Atze hat geschrieben: ↑Do 12. Mär 2026, 03:47
Frambuesa hat geschrieben: ↑Mi 11. Mär 2026, 22:32
...Aber noch einmal zurück zum Dekret des Marquis Esquilache, der damit die Kriminalität bekämpfen wollte, denn breitkrempige Hüte verbergen Gesichter und unter weiten, langen Capes lassen sich leicht Waffen verstecken.

Ob es da wohl zur heutigen Situation in vielen Städten Europas Parallelen gibt?
Möglicherweise ist es derselbe Minister, der verfügte, dass die spanischen oft riesigen "Taschenmesser" einen recht lauten Ratschen-Ton beim Öffnen freigeben müssen, damit sie nicht heimtückisch-leise gezückt werden können.
Ich besitze ein solches riesiges Bandolero- Messer mit einer Klingenlänge von 22 cm:
Navaja carraca
Das Öffnen ist meilenweit zu hören.
@ Frambuesa y Atze
Interessant, was ihr da ausgegraben habt!
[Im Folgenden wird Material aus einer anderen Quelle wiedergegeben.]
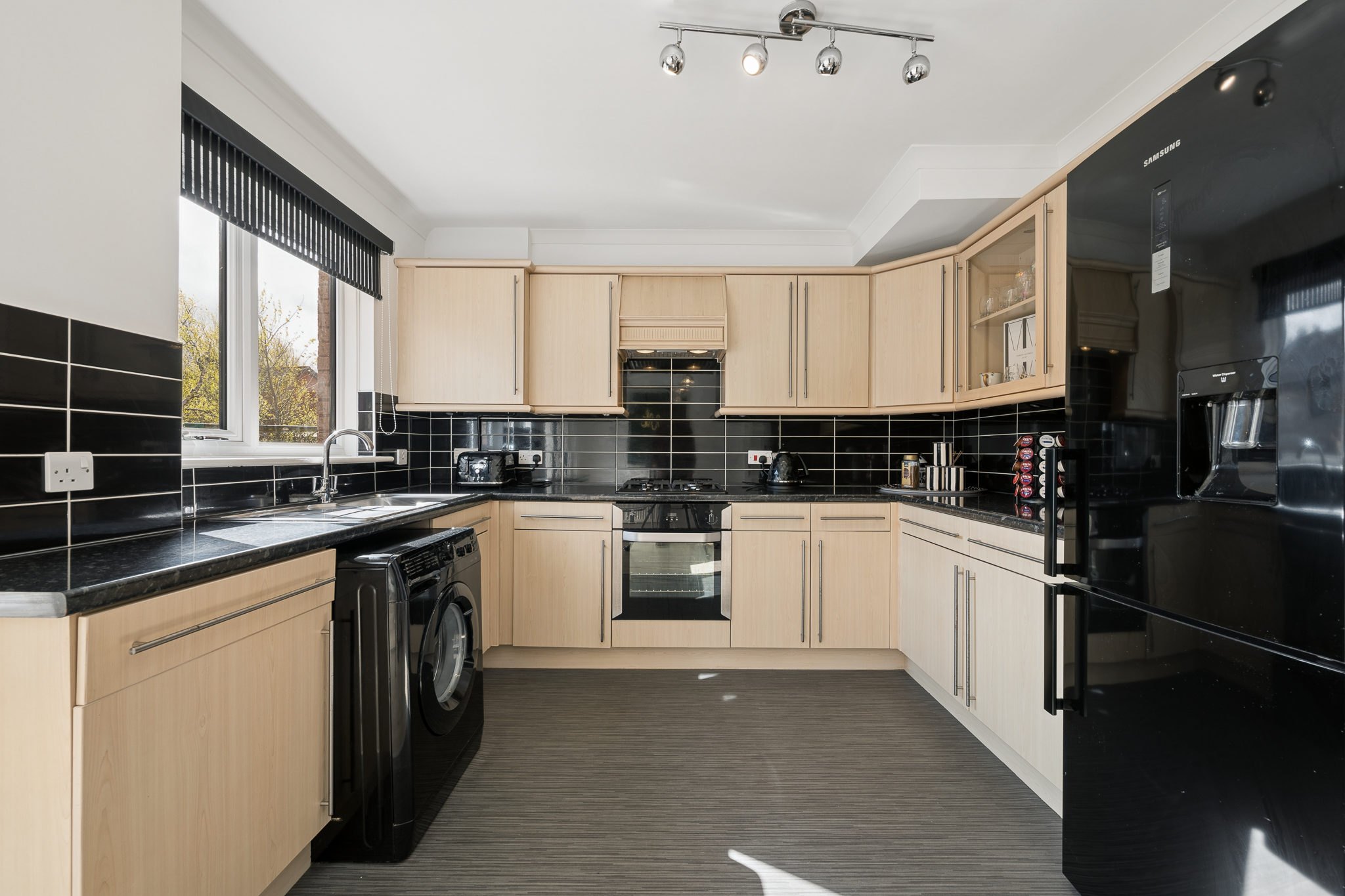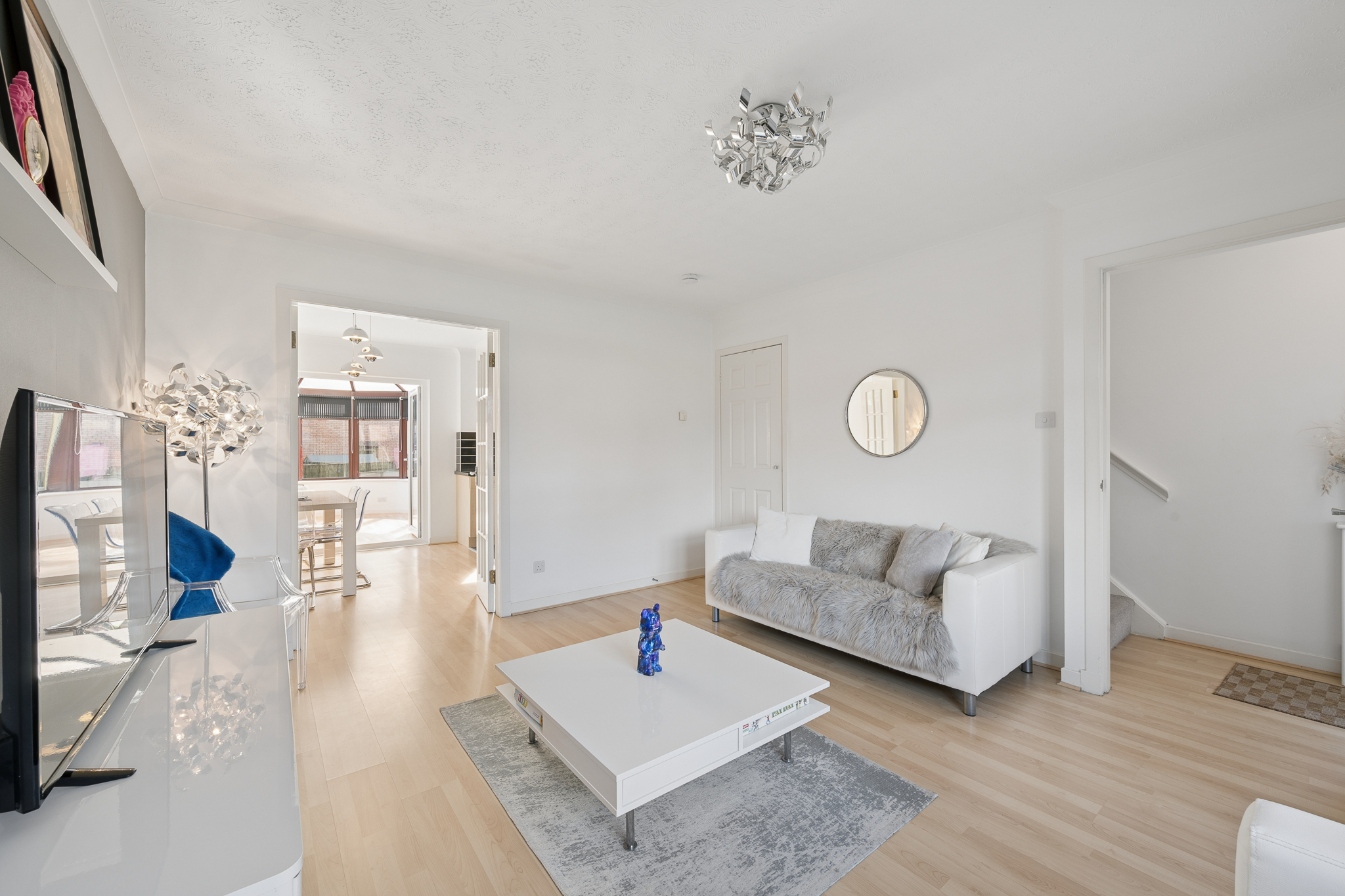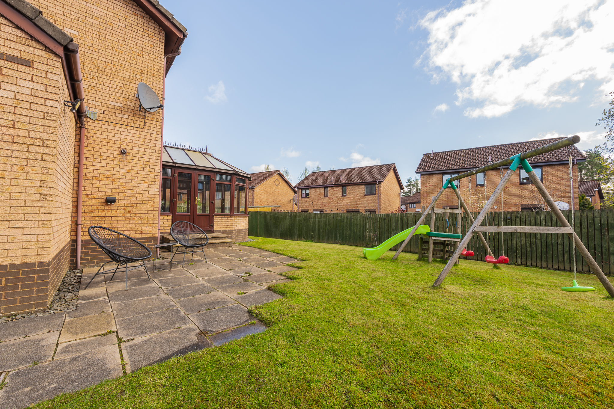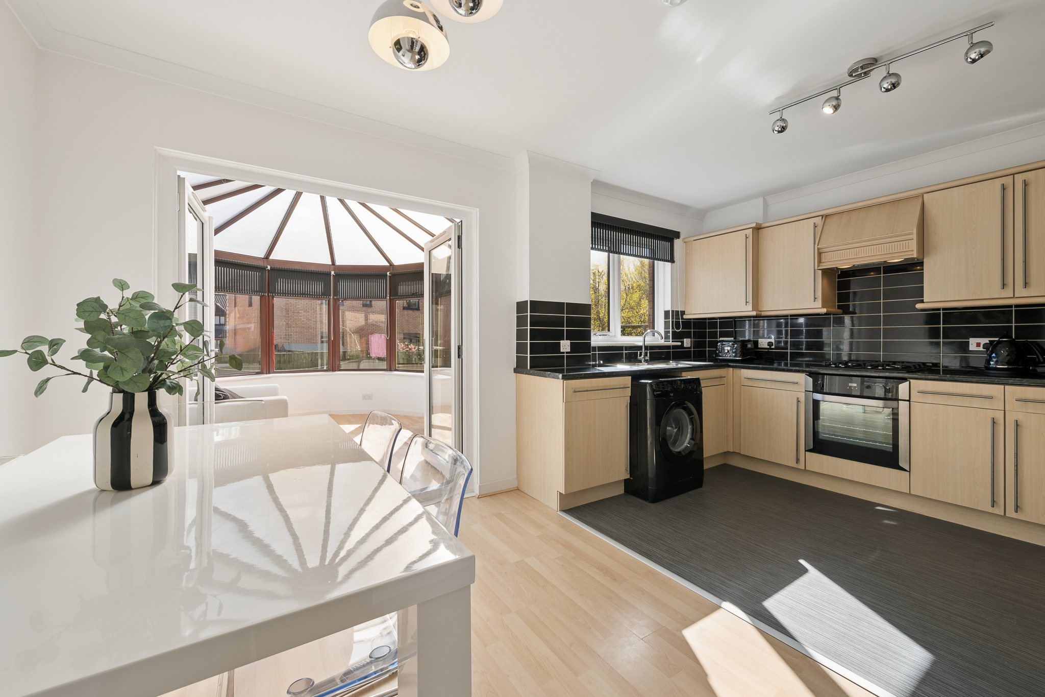 To the rear of the property is the open plan kitchen and dining area. This space comfortably accommodates a dining table for four to six people and is ideal for everyday living and entertaining. The kitchen is fitted with ample cabinetry, splashback tiling and offers space for appliances including a dishwasher, washing machine, fridge freezer and a four point gas hob with oven. Patio doors lead through to the conservatory, a bright and versatile space that can be used as a second lounge, dining area or relaxing retreat, with direct access to the rear garden.
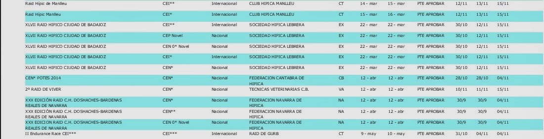 Este es el Calendario Provisional de Raid 2014 de la RFHE, pendiente de la aprobación por la Asamblea General Ordinaria el día 11 de Diciembre de 2013.
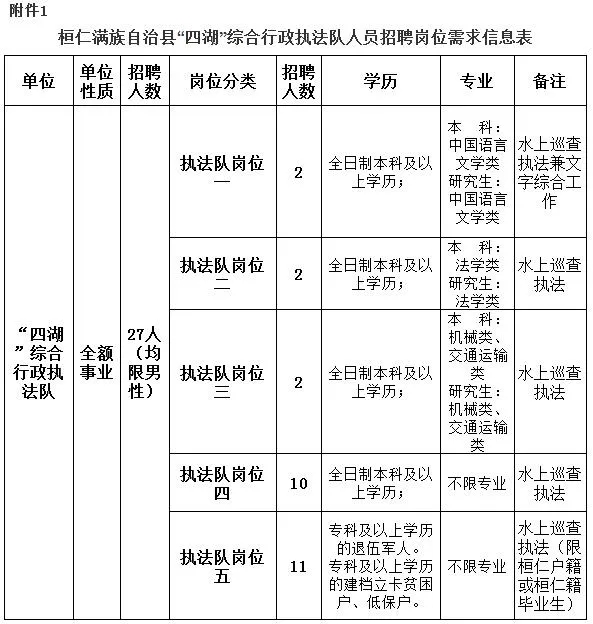 附件1:桓仁满族自治县“四湖”综合行政执法队招聘岗位需求信息表(见下图)
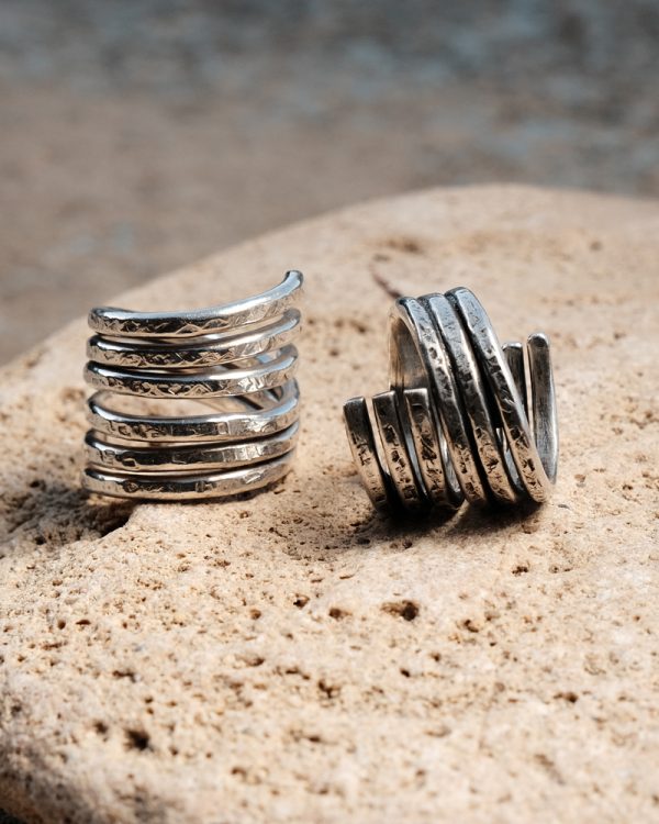 Tres cèrcols entrellaçats que simbolitzen equilibri. Acabat mat i línia senzilla.
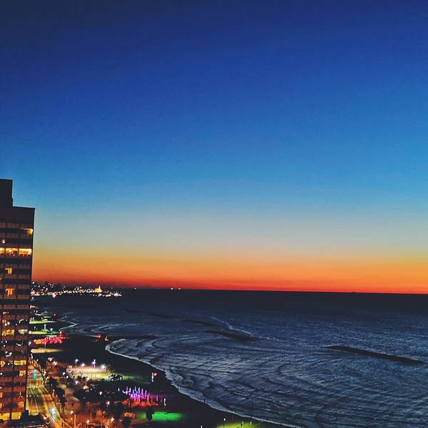 回到特拉维夫时,太阳正要落山 我们一路奔跑到海边,不顾鞋子里浸满了沙 疯狂地按快门本以为落日是最美的景象 没想到晚霞才是今夜的主角霞光随着夜色发生着变化 像一条绮丽的光带,拥抱着褪去的潮水
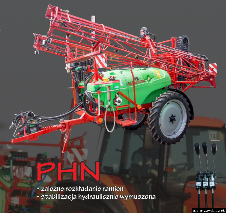 Балки типа PHN (15, 16, 18, 20 и 21 м) – балки, полностью управляемые гидравлически, складывание, зависимое (симметрично) вдоль оси опрыскивателя; все функций балки, управляемые гидравлически (складывание, раскладывание, поднимание, стабилизация).
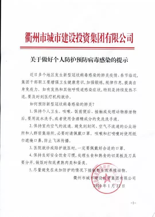 1月22日,市城投集團(tuán)通知要求街區(qū)、景區(qū)、項(xiàng)目工地等做好新型冠狀病毒肺炎疫情防控工作。
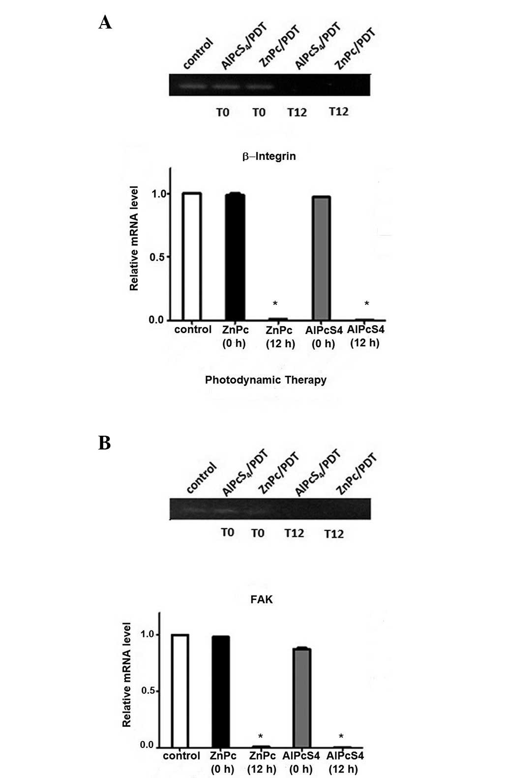 The present study describes the effect of photosensitizers ALPcS4 and ZnPc on cell adhesion. AlPcS4 was found to modify the structure of actin filaments, with more severe changes identified during the periods of 12, 24 and 48 h, as demonstrated by labeling with phalloidin-TRITC. In cultures treated with ZnPc/PDT, it was possible to observe the presence of small cytoplasmic projections, with concentrated actin filaments in the cell edge, demonstrating that cellular organization was affected by PDT treatment following 12 h, with a marginal recovery at 48 h. The cellular structure of actin is recognized as crucial to the maintenance of cell adhesion, and is therefore one of the targets of PDT (13,14); however, changes induced by PDT in the cytoskeletal proteins may be present in cells resistant to treatment, leading to changes in the adhesion and organization of the cytoskeletal components favoring the migration of these cells to other tissues. This alteration may be explained by the involvement of adhesion proteins, mainly β1-integrin and FAK, as these proteins are dependent on the disposition of the actin filaments. In the present study, the immunostaining of β1-integrin and FAK demonstrated a reduction in their protein expression 12 h following PDT. The RT-PCR results confirmed the reduction of the mRNA expression β1-integrin and FAK, 12 h following PDT for the two photosensitizers. These results were corroborated in the study by Milla Sanabria et al (6), which suggested that the adhesion of the cell to the substratum is mediated by integrins, and would therefore be interrupted following photodynamic action by damage to the ECM and by damage directly to the integrin proteins.

Richtig und belegbar ist, dass der Minister Leopoldo de Gregorio, Marqués de Esquilache, ein Minister von Charles III of Spain, im Jahr 1766 in Madrid eine Kleiderverordnung erließ..
Dass aber möglicherweise derselbe

... ist nicht korrekt, und dass alle riesigen spanischen Taschenmesser ein Ratschenlaut von sich geben, auch nicht so ganz.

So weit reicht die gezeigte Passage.